Data block >>
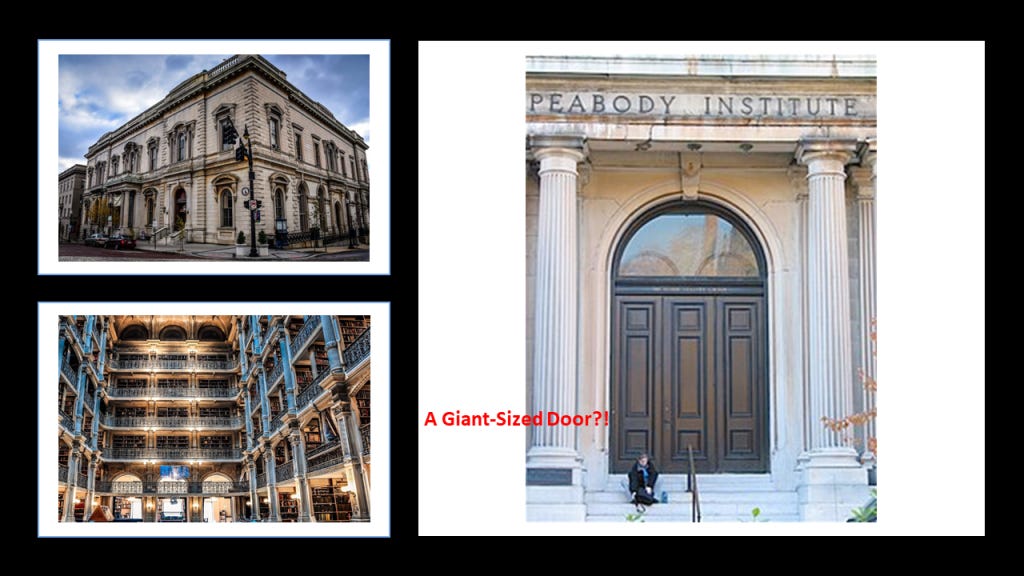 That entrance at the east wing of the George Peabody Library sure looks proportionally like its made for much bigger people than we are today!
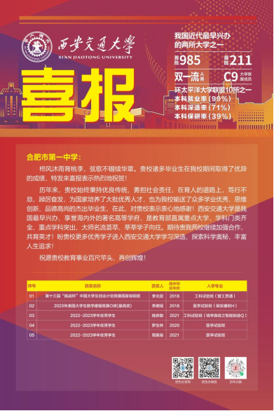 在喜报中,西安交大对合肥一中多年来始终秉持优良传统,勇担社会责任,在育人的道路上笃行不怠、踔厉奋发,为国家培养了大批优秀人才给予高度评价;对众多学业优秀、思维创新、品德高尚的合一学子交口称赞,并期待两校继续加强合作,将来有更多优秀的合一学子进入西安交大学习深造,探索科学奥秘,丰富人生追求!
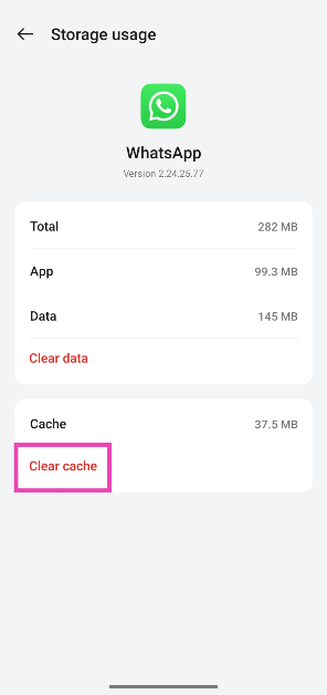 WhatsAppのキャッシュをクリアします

Task statement >>
Restate the material word for word, minus pictures.

Exercise answer >>
 That entrance at the east wing of the George Peabody Library sure looks proportionally like its made for much bigger people than we are today!
 在喜报中,西安交大对合肥一中多年来始终秉持优良传统,勇担社会责任,在育人的道路上笃行不怠、踔厉奋发,为国家培养了大批优秀人才给予高度评价;对众多学业优秀、思维创新、品德高尚的合一学子交口称赞,并期待两校继续加强合作,将来有更多优秀的合一学子进入西安交大学习深造,探索科学奥秘,丰富人生追求!
 WhatsAppのキャッシュをクリアします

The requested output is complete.